**Required action**
Begin with the first line below and retype each line exactly through the line containing "Holds up to". Any pictures are to be left out.

**Exercise inputs**
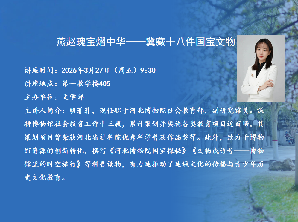 主题:未竟之艺时间:2026年3月30日—4月3日地点:沁芳园(图书馆西侧花园)简介:本次展览集中展出2023级、2024级书法学、视觉传达设计、环境设计、动画专业学生假期学业提升成果。作品紧扣“喜迎新春”“美丽河北”两大主题,题材丰富、形式多样,兼具传统笔墨与现代设计语言。展览旨在引导学生珍惜时光、勤学不辍,树立假期亦精进的优良学风,鼓励大家将新春民俗文化底蕴、燕赵大地秀美风光与艺术创作想象力有机融合,以笔墨与创意抒发对家乡的热爱。诚邀全体师生莅临观展、交流指导。主办单位:艺术学部
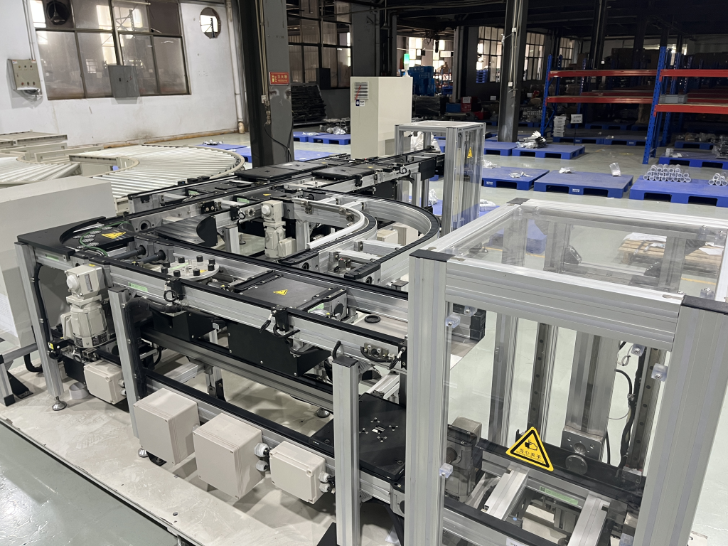 我们的托盘输送系统分为几大类别,包含平皮带输送线、同步带线和倍速链输送线,还有积放式滚筒线。不同类型的输送线可以满足各种物料的输送,从几公斤的小零件到上千公斤的重型设备,都能支持输送到位。
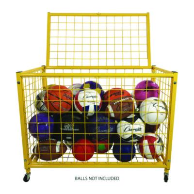 Holds up to 30 basketballs, soccer balls or playground balls.
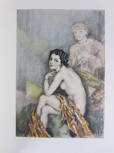 SAMOSATE Lucien de. Les classiques de l'amour, dialogues de courtisanes. Edition Emile Chamontin In-12. Illustré par Chimot .Reliure d'éditeur en cuir souple bleu ciel , ornements dorés sur le premier plat , mors et plat légèrement frottés....
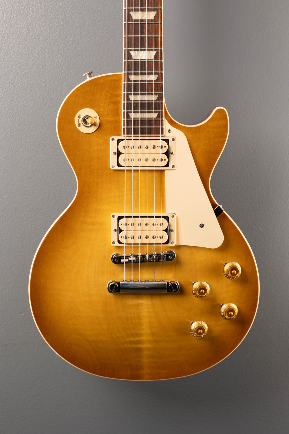 Vintage Honey Burst Gloss, Gloss nitrocellulose lacquer finish, Figured AA Maple top on a solid Mahogany body, Vintage 50’s shaped Mahogany neck, Bound 12” radius Rosewood fingerboard with the acrylic trapezoid inlays and medium jumbo frets, 24.75” scale length, 1.69″ nut width, Burstbucker #2 bridge and Burstbucker #1 neck pickups with Double Classic White bobbins, 3-way toggle switching with the volume and tone controls for each pickup, ABR-1 tune-o-matic bridge and aluminum stopbar tailpiece, Gibson vintage deluxe tuners, 10.3 pounds, With hardshell case
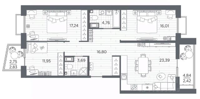 Трехкомнатная квартира с предчистовой отделкой в ЖК "RESPECT" на 10 этаже. Общая площадь: 97.09 кв.м., жилая: 45.2 кв.м., площадь просторной кухни-столовой: 23.39 кв.м. Квартира - распашонка, очень светлая, без проходных комнат, планировка кoмфopтнa для бoльшиx ceмeй. В квартире два балкона, два совмещенных санузла. Высота потолков 2.7 м. Квартира будет сдана с отделкой WHITE BOX, в которую включены следующие виды работ: - заливка стяжки; - установлена система отопления квартиры; - подготовлены потолки; - все стены выровнены, загрунтованы и отштукатурены; - электрическая проводка разведена по комнатам. Квартира будет готова к чистовой отделке. Дом монолитный, многоподъездный, переменной этажности, от 10 до 13 этажей. Квартира находится в 1-й секции высотой 13 этажей в корпусе 3.2. На этаже 5 квартир. В подъезде 1 пассажирский и 1 грузовой лифт. Начало строительства - 3 квартал 2025 года. Окончание строительства - 4 квартал 2027 года. Оформление сделки по договору долевого участия. В шаговой доступности от жилого комплекса находятся станции метро (расстояние по прямой): "Лесная" (800 м), "Площадь Мужества" (1.4 км), "Выборгская" (1.9 км), также недалеко от этого корпуса расположены станции метро: "Академическая", "Политехническая". Жилой квартал "RESPECT" строится на Полюстровском пр, 87, в одной из самых востребованных локаций Петербурга. В 10 минутах пешком - метро "Лесная" и в 10 минутах на транспорте - Петроградская сторона. Высота домов от 7 до 13 этажей. Квартиры сдаются с отделкой white box и с чистовой отделкой. На территории Respect строится школа на 1125 учащихся и детский сад на 240 мест. Запроектированы собственная газовая котельная, закрытая территория, дворы без машин и подземные паркинги с лифтами. В проекте предусмотрены трапециевидные балконы или остекленные лоджии, которые, с одной стороны, исключают монотонность фасада, являясь декоративными элементами, с другой дополнительным функциональным пространством в квартирах. Цветовая гармония фасадов каждого дома раскрывает характер квартала. Коричневый цвет клинкерного кирпича со структурой водяных штрихов — цвет уюта и безопасности, сдержанности и надёжности. Вентилируемые фасады облицованы клинкерным кирпичом. Его высокая прочность позволяет давать 100 лет гарантии на этот материал. Водопоглощение клинкерного кирпича составляет менее 5%, за счет чего у него высокая теплопроводность и прочность. В квартале запроектированы внутренние закрытые территории дворов домов без доступа автомобилей и безбарьерная среда для велосипедистов и колясок. Предусмотрены IP-домофония с функцией дистанционного открывания калиток и парадных, а также дистанционный сбор показаний счетчиков и мобильное приложение для жителей. Для безопасности жителей квартала - круглосуточное видеонаблюдение и служба охраны. В каждой квартире предусмотрены внешние корзины для кондиционеров. Вся территория квартала будет связана единой концепцией благоустройства, разработанной ландшафтным бюро L.BURO.
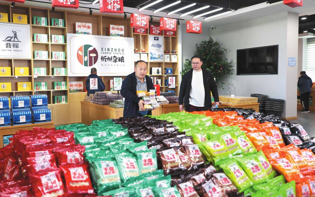 近日,來(lái)自山東的游客專程來(lái)到忻州雜糧城挑選購(gòu)買心儀的雜糧。忻州雜糧憑借得天獨(dú)厚的自然條件,以一粱、二薯、三麥、四米、五豆為主,涵蓋20余個(gè)作物種類,年總產(chǎn)量達(dá)70萬(wàn)噸以上,規(guī)模穩(wěn)居全省之首。 (記者 宮清華攝)
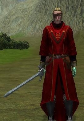 He comes with the magical items that I mentioned previously, as well as his mighty sword Traitor... and the armor and eye patch that made him famous as the Prince in the Scarlet Robe. I have based his stats off of the information contained the Corum sourcebook for the PnP game Stormbringer, and I had to change the "Hand of Kwyll" to Hands of Kwyll, since in Nwn2 you can't have just one gauntlet, they come in pairs.
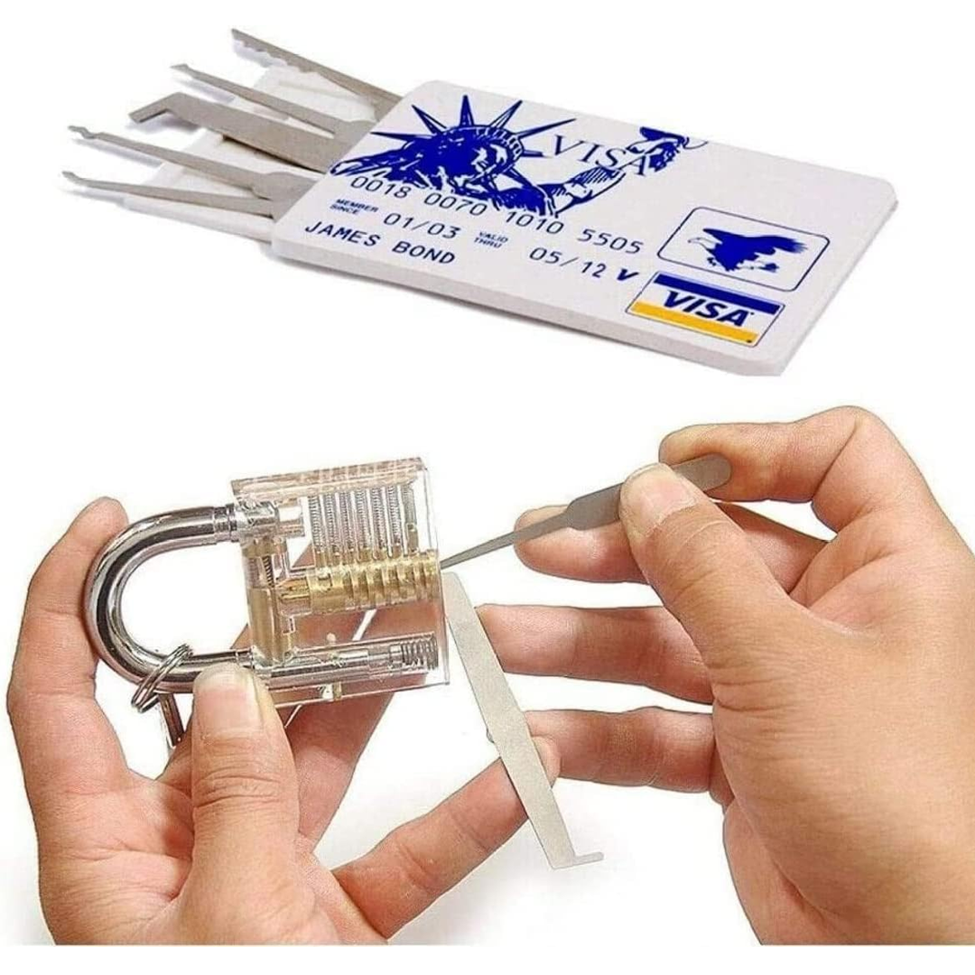 Ovaj univerzalni alat za otključavanje, skriven u obliku bankovne kartice, idealan je za sve koji žele poboljšati svoje vještine otključavanja brava. Set je dizajniran za profesionalne bravare i entuzijaste koji žele savladati različite tehnike otključavanja kroz ponovljeno učenje i vježbanje.
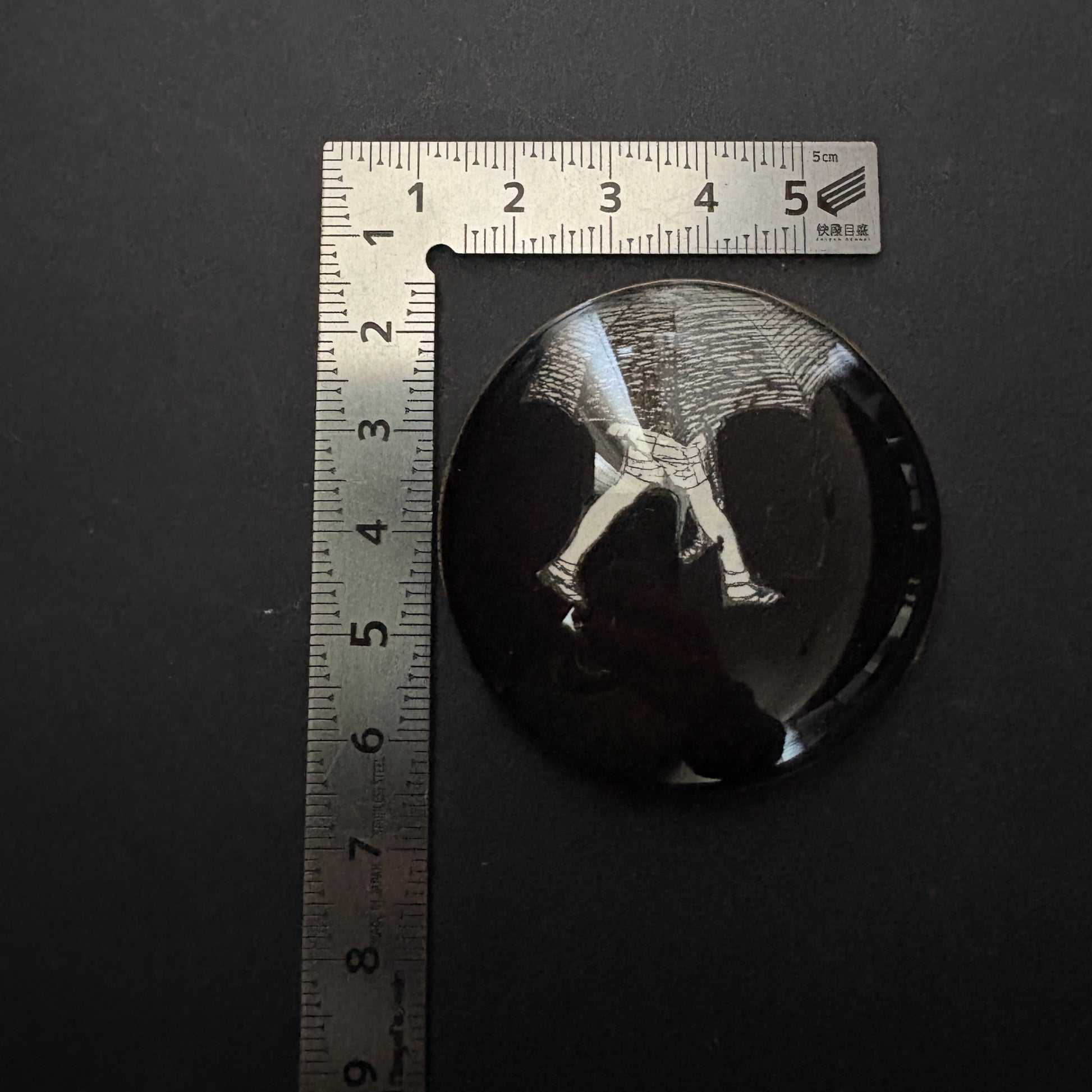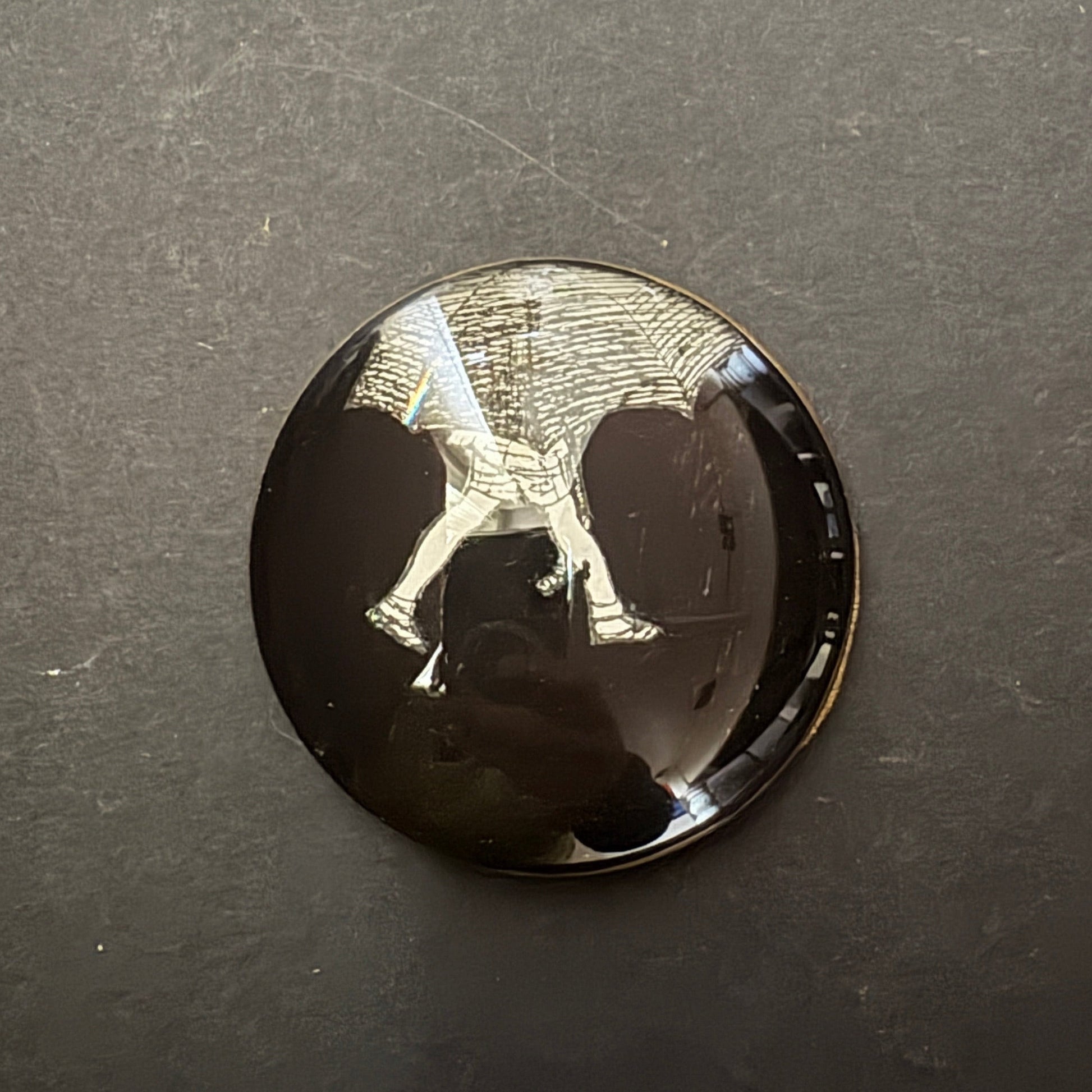 This Wink is part of the "Favoloso" collection, inspired by the world of fairy tales. The 1957 cut-out design, against a black background, is based on an illustration by EH Shepard. The 5 cm diameter glass lens is protected by a black velvet backing. It is recommended to clean it gently with a cloth, avoiding contact with water.
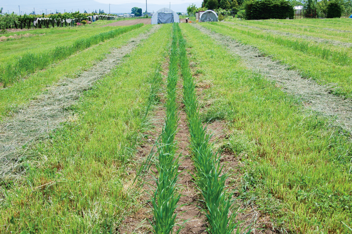 草生栽培は、例えば春では「夏作の畝(育種)」「緑肥(クローバー、ペレニアルグラスの草生)」「秋作の畝」「緑肥」と、圃場の半分は「緑肥」を栽培し、作物の作付け面積は1度の育種時期に全面積の1/4しか使用していません。
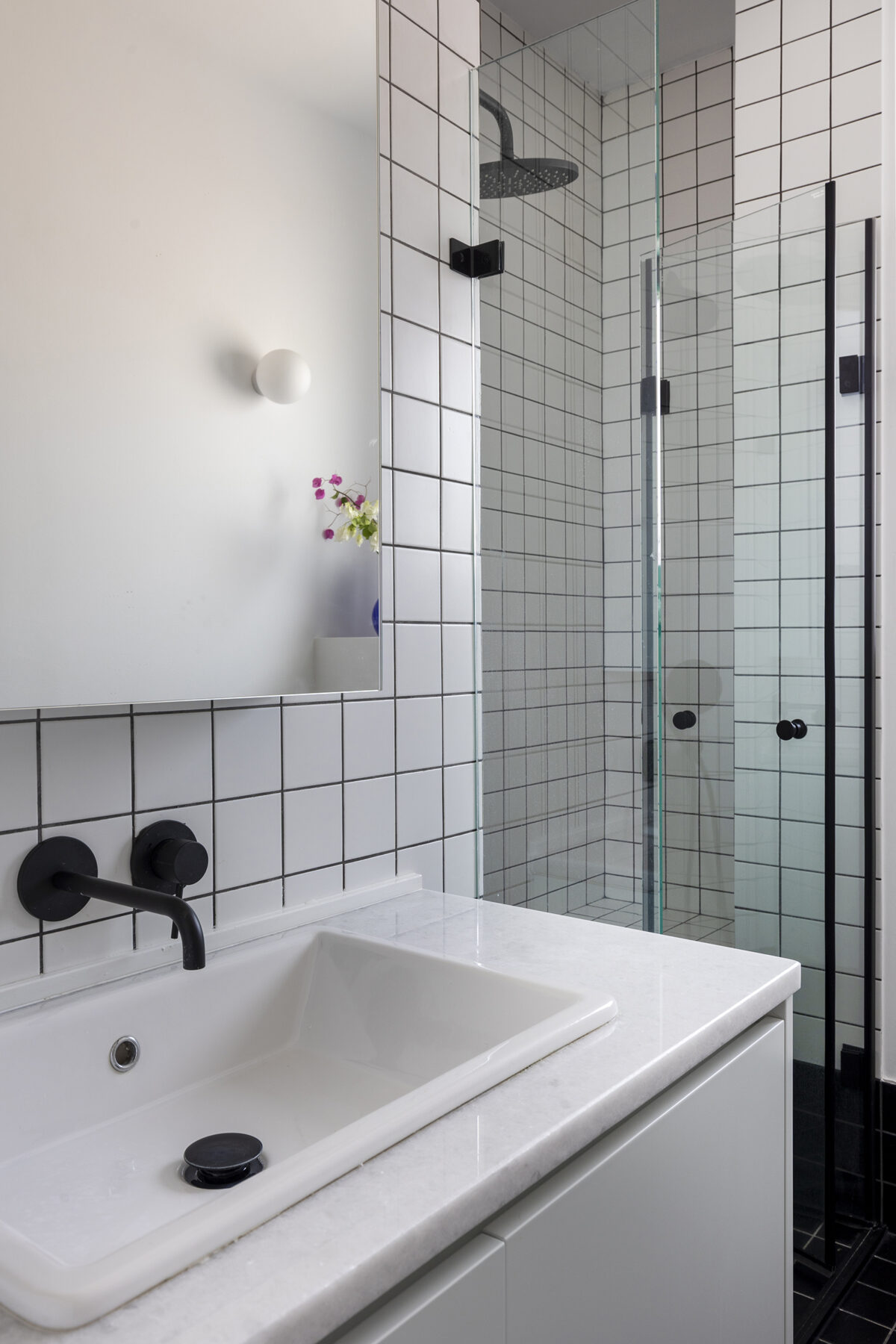 In a deliberate deviation from the apartment’s chromatic theme, the bathroom adopts a stark “monochrome” palette. Dominated by matte black and white tones, this space is curated to provide a serene oasis, offering a counterpoint to the lively vibrancy of the main living zones.

**Exercise solution**
 主题:未竟之艺时间:2026年3月30日—4月3日地点:沁芳园(图书馆西侧花园)简介:本次展览集中展出2023级、2024级书法学、视觉传达设计、环境设计、动画专业学生假期学业提升成果。作品紧扣“喜迎新春”“美丽河北”两大主题,题材丰富、形式多样,兼具传统笔墨与现代设计语言。展览旨在引导学生珍惜时光、勤学不辍,树立假期亦精进的优良学风,鼓励大家将新春民俗文化底蕴、燕赵大地秀美风光与艺术创作想象力有机融合,以笔墨与创意抒发对家乡的热爱。诚邀全体师生莅临观展、交流指导。主办单位:艺术学部
 我们的托盘输送系统分为几大类别,包含平皮带输送线、同步带线和倍速链输送线,还有积放式滚筒线。不同类型的输送线可以满足各种物料的输送,从几公斤的小零件到上千公斤的重型设备,都能支持输送到位。
 Holds up to 30 basketballs, soccer balls or playground balls.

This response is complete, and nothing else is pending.